Ussindonesia.co.id – Komisi Pemberantasan Korupsi (KPK) menyebut Anggota DPR RI Fraksi Partai Nasdem, Rajiv, tidak memenuhi panggilan pemeriksaan dalam penyidikan kasus dugaan korupsi terkait program tanggung jawab sosial atau corporate social responsibility (CSR) di Bank Indonesia (BI) dan Otoritas Jasa Keuangan (OJK). Seharusnya, Rajiv diperiksa dalam kapasitasnya sebagai saksi, pada Senin (27/10).
“Hari ini tadi kami cek yang bersangkutan tidak hadir, selanjutnya penyidik akan berkoordinasi untuk agenda penjadwalan pemeriksaan berikutnya,” kata Juru Bicara KPK, Budi Prasetyo kepada wartawan, Selasa (28/10).
Budi menyatakan, pihaknya sedianya mendalami pengetahuan Rajiv soal dugaan korupsi CSR BI. Mengingat, salah satu tersangka dalam kasus ini, yakni Satori merupakan legislator Partai NasDem.

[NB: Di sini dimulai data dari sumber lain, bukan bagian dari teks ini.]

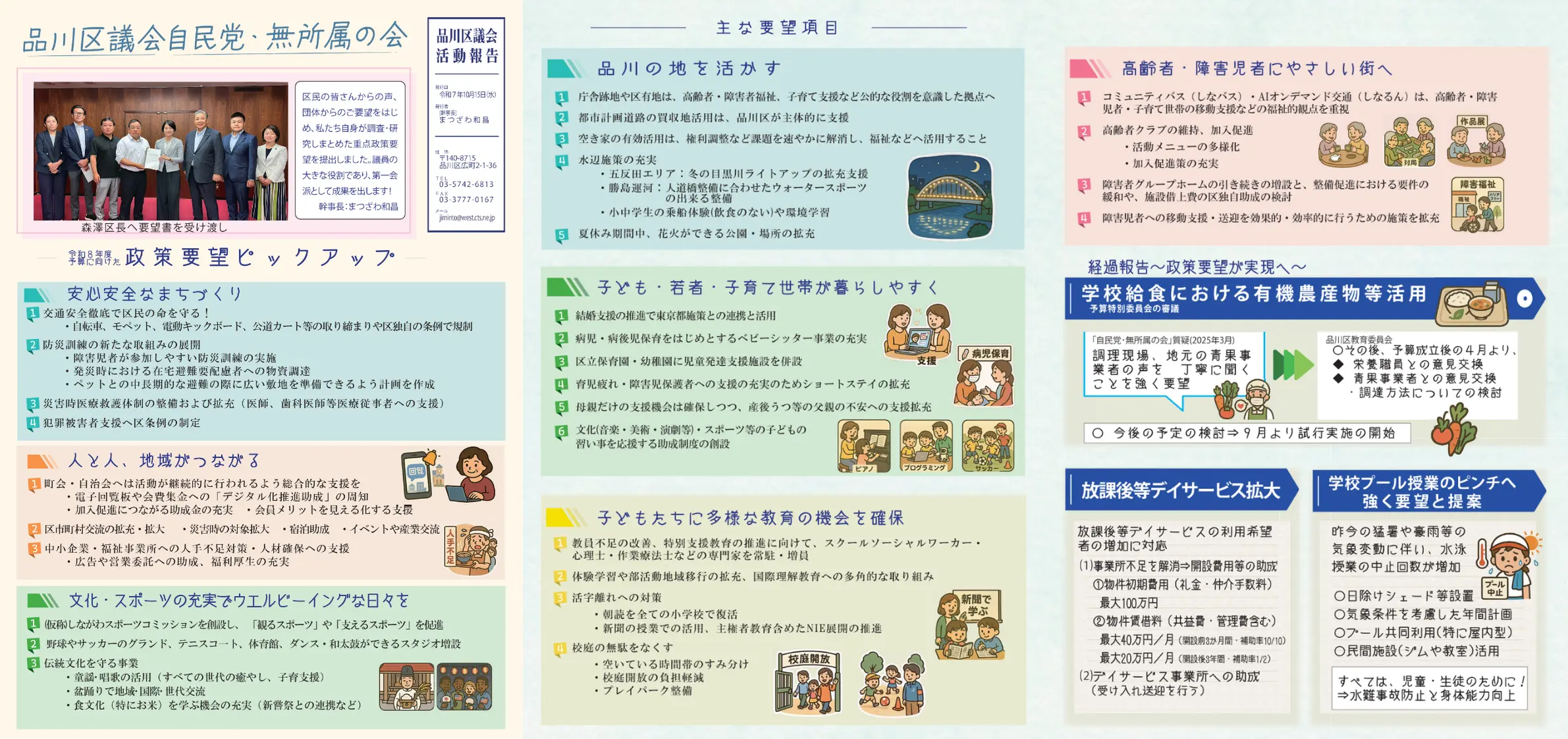 「令和8年度予算に向けた政策要望」を提出しました 2025年10月15日 最終更新日時 : 2025年12月11日 cl_skjm 品川区議会自民党・無所属の会では、上記の通り「令和8年度予算に向けた政策要望」を森澤区長に提出いたしました。 ※画像を押すと拡大してご覧いただけます。 区民の皆さんからの声、団体からのご要望をはじめ、私たち自身が調査・研究しまとめた重点政策要望を提出しました。議員の大きな役割であり、第一会派として成果を出します。(幹事長:まつざわ和昌)※品川区議会自民党・無所属の会『品川区議会活動報告』より抜粋

“Ya tentunya pemeriksaan terhadap saksi adalah terkait dengan dugaan apa yang saksi ketahui, terkait dengan konstruksi perkara, di mana dalam perkara program sosial atau CSR Bank Indonesia dan OJK ini, sangkaan pasalnya adalah terkait dengan dugaan gratifikasi dan TPPU. Nah itu seperti apa, tentu didalami terkait dengan hal itu,” jelas Budi.

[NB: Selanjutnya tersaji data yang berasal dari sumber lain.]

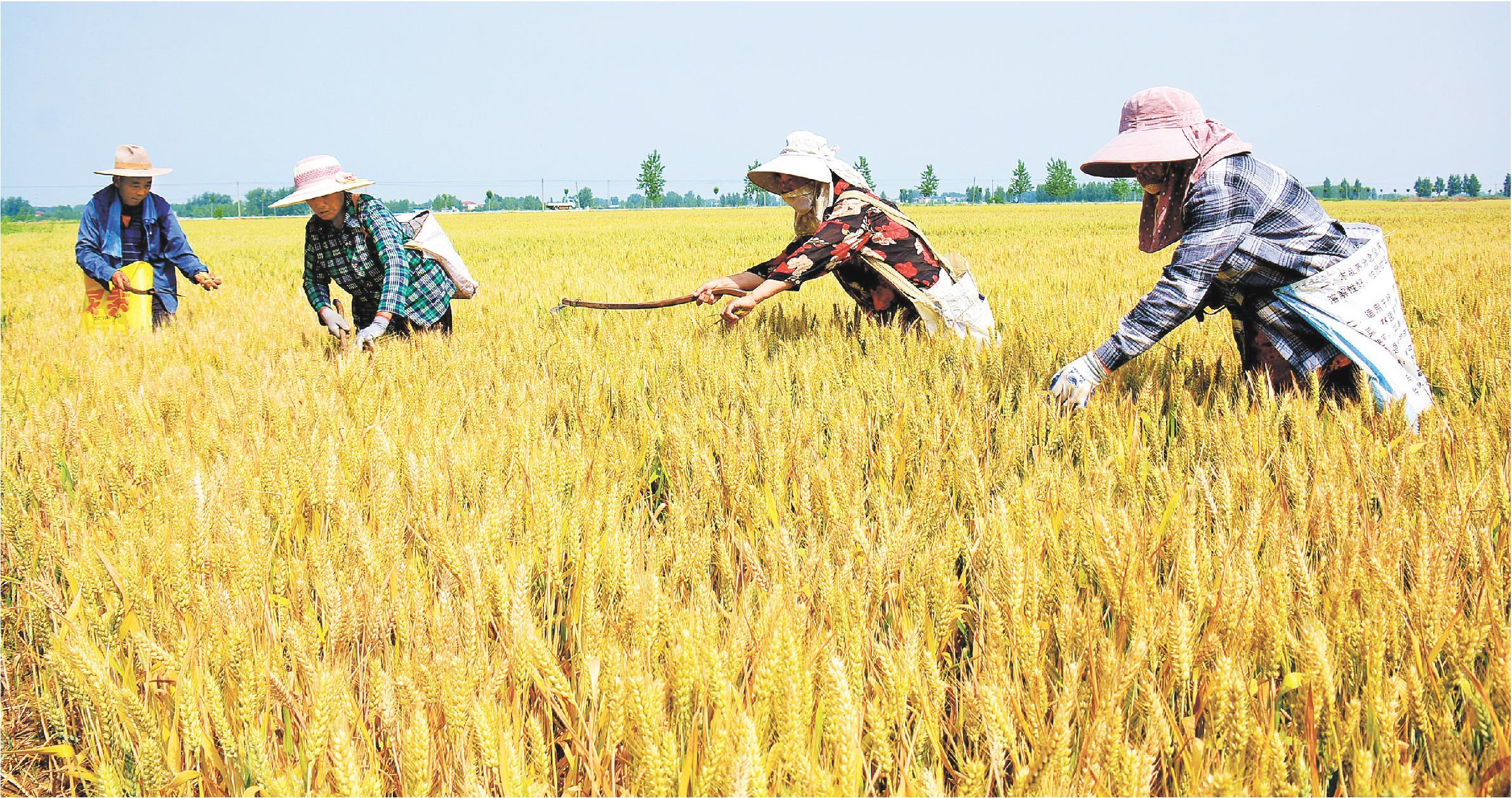时下,小麦进入成熟期,素有“全国粮食生产先进县”美称的郯城县,组织人员身挎背包,手拿镰刀,对小麦良种进行去杂去劣,确保良种纯度,为提高粮食产量、品质和粮食安全提供坚强保障。图为5月27日,在郯城县郯城街道万亩高产示范田里,农民在精选良种。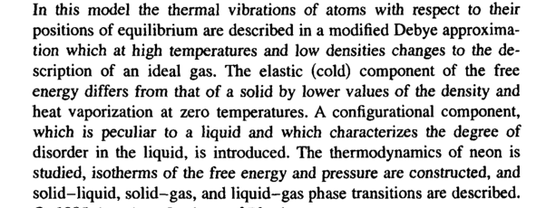 In this model the thermal vibrations of atoms with respect to their positions of equilibrium are described in a modified Debye approximation which at high temperatures and low densities changes to the description of an ideal gas. The elastic (cold) component of the free energy differs from that of a solid by lower values of the density and heat vaporization at zero temperatures. A configurational component, which is peculiar to a liquid and which characterizes the degree of disorder in the liquid, is introduced. The thermodynamics of neon is studied, isotherms of the free energy and pressure are constructed, and solid-liquid, solid-gas, and liquid-gas phase transitions are described.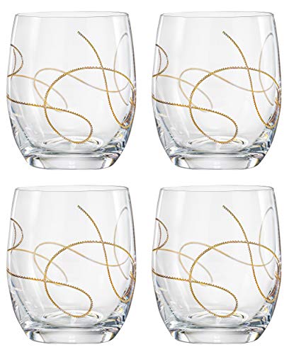【中古】【未使用・未開封品】Barski ガラスタンブラー - ゴールドストリングデザイン - 鉛フリークリスタル - ダブルオールドファッションタンブラー - グラス4個セット - ヨ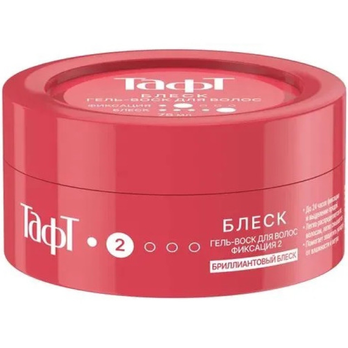Гель-воск для укладки Тафт Блеск — это идеальный продукт для создания стильной и долговечной укладки. Он придает волосам эффектный бриллиантовый блеск, который сохраняется до 24 часов. Формула гель-воска обеспечивает надежную фиксацию и разделение прядей, что позволяет создавать разнообразные прически, от естественных до более сложных.Особенности и преимущества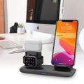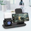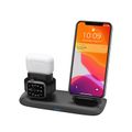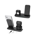 Porodo 4-in-1 Charging Station with Built-in Lightning Connector, Magnetic Charging for AirPods & Smartwatches, 10W Phone Output, 2W Watch Charger Output, Qi Standard - Black
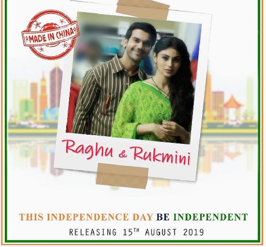 रूपेशकुमार गुप्ता, मुंबई l राजकुमार राव और मौनी रॉय की फिल्म मेड इन चाइना 15 अगस्त 2019 को रिलीज़ होगीl यह फिल्म एक कॉमेडी फिल्म हैl फिल्म का पहला लुक जारी किया गया है जिसमें राजकुमार और मौनी की सादगी भरी तस्वीर दिखाई गई है।

KPK sebelumnya telah menetapkan dua Anggota Komisi XI DPR periode 2019–2024, Satori (ST) dan Heri Gunawan (HG), sebagai tersangka kasus dugaan korupsi dana CSR BI-OJK. Kedua legislator tersebut diduga menyalahgunakan dana CSR tersebut untuk kepentingan pribadi.
Dalam proses penyidikan, Heri Gunawan diduga menerima dana gratifikasi sebesar Rp 15,8 miliar, sedangkan Satori menerima Rp 12,52 miliar. Uang tersebut digunakan antara lain untuk pembangunan rumah, pembelian tanah, kendaraan, hingga pengelolaan bisnis pribadi.
KPK Sita Mobil Seharga Rp 1 Miliar dari Kasus Dugaan Korupsi CSR BI
Atas perbuatannya, para tersangka dijerat dengan Pasal 12B Undang-Undang Nomor 31 Tahun 1999 tentang Pemberantasan Tindak Pidana Korupsi (Tipikor) sebagaimana telah diubah dengan Undang-Undang Nomor 20 Tahun 2001, juncto Pasal 55 ayat (1) ke-1 dan Pasal 64 ayat (1) KUHP. Selain itu, mereka juga disangkakan melanggar Undang-Undang tentang Tindak Pidana Pencucian Uang (TPPU).